Faço um pouco de silêncio para que possas percorrer a berma do abismo, entre a verdade e o choro.

Agora, depois de o teu espírito acordar. Louvo-te por ainda tentares viver a amizade, mesmo que esta só tenha o destino de magoar. O amor tem muitas faces e os amigos são uma delas.
Para além do que a solidão oferece, existem os outros, que tal como tu escolheram um caminho. Seja por que motivo for, é essa estrada que seguem. Não nos cabe a nós julgar e muito menos exigir que nos agradem. Ou vice-versa…
A criança que um dia foste, a brincar no recreio e que acreditava em contos de fada, ainda reside num canto qualquer do teu fado. E seja porque motivo for, continua a pesar nas tuas escolhas, mesmo que estas levem à decepção.
Acreditar no impossível pode parecer um ‘cliché’ bonito para se publicar na internet mesmo que a alma doa. Ainda assim acreditas. Para além da religião, filosofia ou novelas.

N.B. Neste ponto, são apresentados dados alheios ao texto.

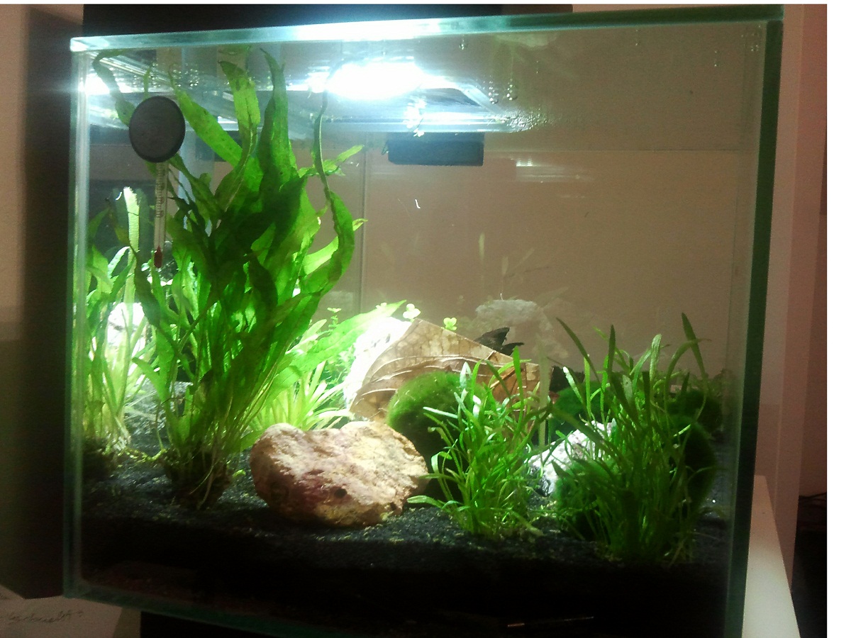 Das Becken läuft seit Anfang Januar, da ich Filtermaterial und jede Menge Mulm aus dem 120l-Becken meiner Schwägerin übernehmen konnte, durften bereits nach einer Woche Schnecken und Yellow Fires einziehen. Eine Woche später kamen dann die Zwergbärblinge hinzu. Allen Bewohnern gehts prächtig, Fische und Nelen harmonieren super untereinander.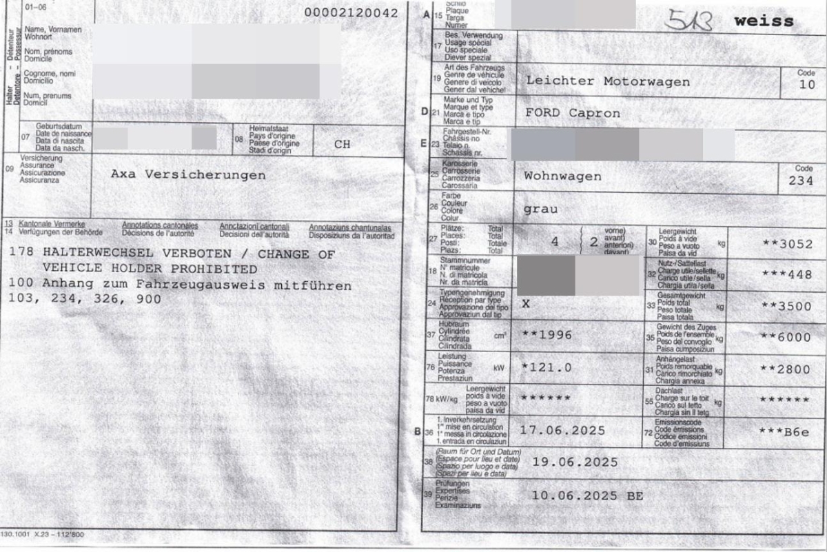 Fahrzeugausweis Vorhanden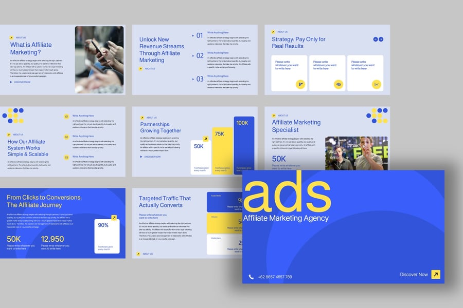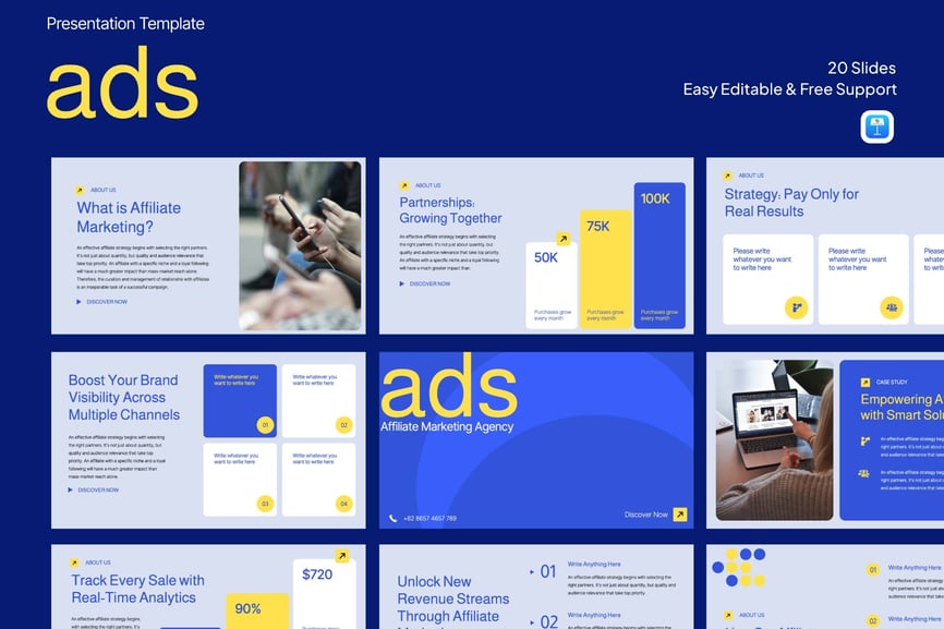 **联盟营销主题演讲模板** 旨在打造令人印象深刻的演示文稿,每张幻灯片均可自定义且易于使用,助您快速呈现精彩纷呈、令人印象深刻的演示文稿。无论是商业、教育还是创意项目,我们的模板都能确保您的内容风格鲜明、清晰易懂。
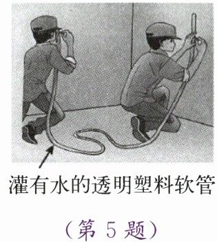 5. 如图所示,在装修房屋时,工人师傅常用一根灌有水(水中无气泡)、两端开口且足够长的透明塑料软管的两端靠在墙面的不同地方,并在两端的液面处均做出标记。这两处标记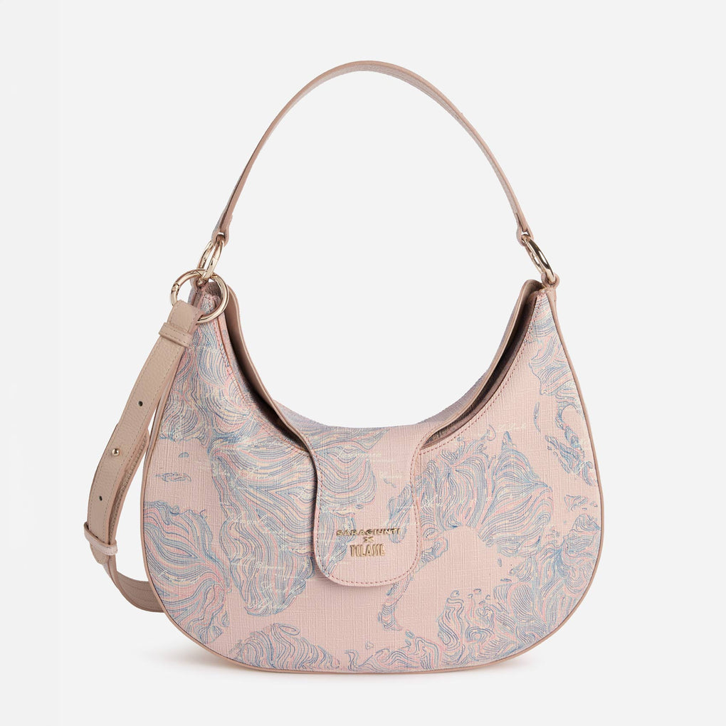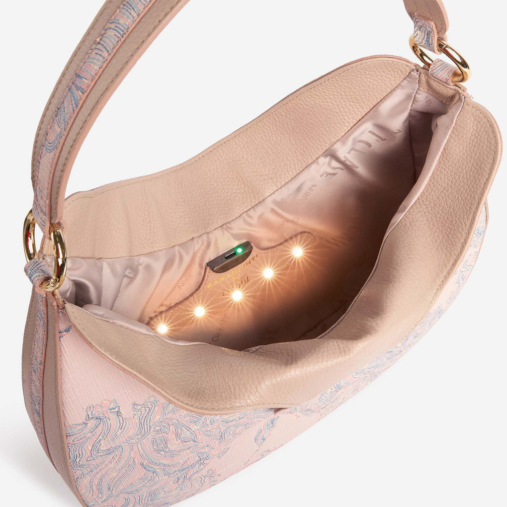 The iconic elegance of 1ᴬ Classe and the fashion-tech soul of Saragiunti meet in this large hobo bag. Smooth nappa leather gives it a fine, minimal and versatile look, embellished with the 1ᴬ Classe x Saragiunti logo and the metal tag on the bottom with Geo map in light gold. The interior light, to be activated by touching the logoed patch, is a valuable ally for always finding what you need. The bag can be transformed into four different solutions: you can wear it crossbody or under-shoulder thanks to the removable shoulder strap and shoulder strap, or flaunt it by hand by joining the gold maxi rings together. In the latter version, you can also pass the shoulder strap under the gold maxi rings and close it in a circle, turning it into a handle for practical, versatile and original wearability. Innovative in every aspect, it is a true emblem of contemporaneity, designed for those who follow the metropolitan rhythm with dynamism and elegance.
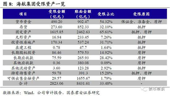 海航资产受限资产占比高,影响企业融资和经营活动。值得注意的是,截至2018年底,海航资产规模虽达到1.07万亿元,但资产受限占比很高,其中货币资金受限占比达54.32%,受限部分无法用以满足流动性需求。受限原因除司法冻结之外,还涉及抵押质押贷款及存放于银行的法定准备金。资产冻结一方面容易使企业失去资本市场的支持,提高融资难度,另一方面也可能波及业务经营。

Acreditas que tudo pode ser melhor. Isso é bonito. É como um dom. Um tesouro que te torna especial…
Perdoa-me a dureza das palavras. Só quero que a mágoa te passe ao lado.
No entanto, de que vale isso se sem a tua inocência continuas sem chegar a lado nenhum?
Deixo-te por agora.
Já tomei muito tempo da tua atenção na minha função de narrar…

4 comentários:

Ana Branco disse...

A amizade... Não facilita, esse teu narrador!...
Tem sido o pensamento que mais me atormenta nos últimos tempos. Porque tive duas desilusões seguidas nesta vertente da existência, que tanto prezo! E, sinceramente, não sei dizer se sofri (e sofro) mais com estas duas situações, do que já sofri por amor. Não sei mesmo...
Tenho verdadeiros amigos, puros e incondicionais, que me dão tanto quanto eu dou. E sei que, por isso, sou uma felizarda. Não consigo evitar, porém, sofrer pelo sacrifício a que me obriguei, ao afastar duas pessoas com as quais tanto me partilhei. O arrependimento não mora aqui, de todo! Mas a dor persiste.

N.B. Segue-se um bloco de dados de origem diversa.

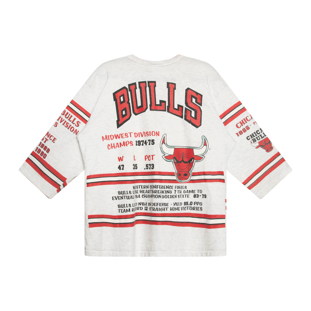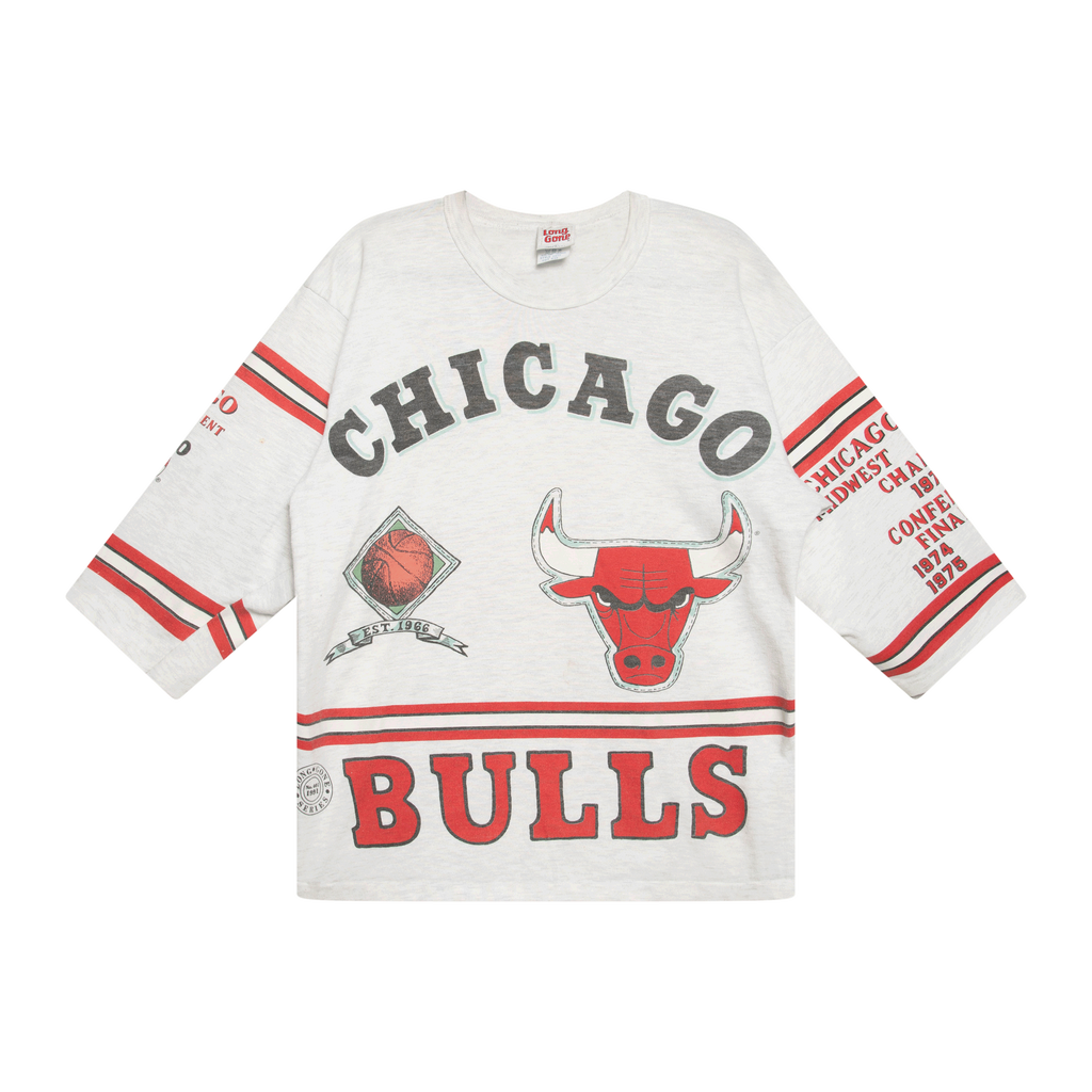 Vintage Chicago Bulls Shirt features quarter sleeve, ribbed collar, and graphic design through out.

Posso ousar dar-te um conselho?
Acredita sempre. Sê inocente, pois há quem mereça a tua amizade. E se há um sentimento poderoso, capaz de destacar o nosso melhor, é a amizade. Não duvides! :)

António Silva disse...

Sim, a amizade cria muitas desilusões porque esperamos demais dos outros. Todos têm o seu caminho e por vezes caminhamos juntos de tal forma que os tomamos por garantidos. Mas os caminhos são diferentes e há alturas em que se afastam, a bem, ou a mal. Nós também magoamos...
Amizade é um tipo de amor, logo, passível de magoar. Muitas vezes mais do que o dito amor romântico, por causa dos caminhos diferentes.
Mas sim, vale a penha acreditar na amizade, no entanto sem exigir que os outros sejam sempre iguais e sem nunca esquecer que magoa.

Ana Branco disse...

Tenho idade e experiência suficientes para não acreditar em contos de fadas, com finais felizes. Seja na amizade, seja no amor, seja em qualquer forma de relação interpessoal.
Não espero dos outros senão o que dou; até menos, em abono da verdade. Porque eu dou-me muito e cedo percebi que não posso, nem devo, exigir deles a mesma entrega, a mesma intensidade. E "a coisa" funciona!
Não me conheces, mas não assumo, normalmente, atitudes exigentes ou complicadas. Apesar de ser mulher. Eheheh!
Exijo, porém, reciprocidade, investimento, empenho e retorno. Em doses moderadas, claro, mas a amizade não passa de um mero relacionamento superficial se não se revestir destes factores. Se assim não for, devo afastar-me. E autopreservar-me. Independentemente de os outros não aceitarem a minha decisão (dá jeito ter pessoas como eu ali ao lado, disponíveis) e não sem antes me ter magoado fortemente, porque não sou uma desistente por natureza. Sou Carneiro, btw. ;)

António Silva disse...

Sim. Numa amizade deve haver o mínimo de entrega, senão é mero conhecimento. Não posso dizer que tenha sido magoado muitas vezes. Só as suficientes, aquelas que toda a gente deve sentir.
Sou Peixes, reservado por natureza e não gosto de estar dependente de outros.
A amizade e as suas consequências dariam uma grande discussão filosófica. Por mim, acho que devem existir e incentivadas até. Cada pessoa deve lidar com elas conforme a sua experiência de vida. Porque afinal de contas, não é uma ciência exacta. E ainda bem!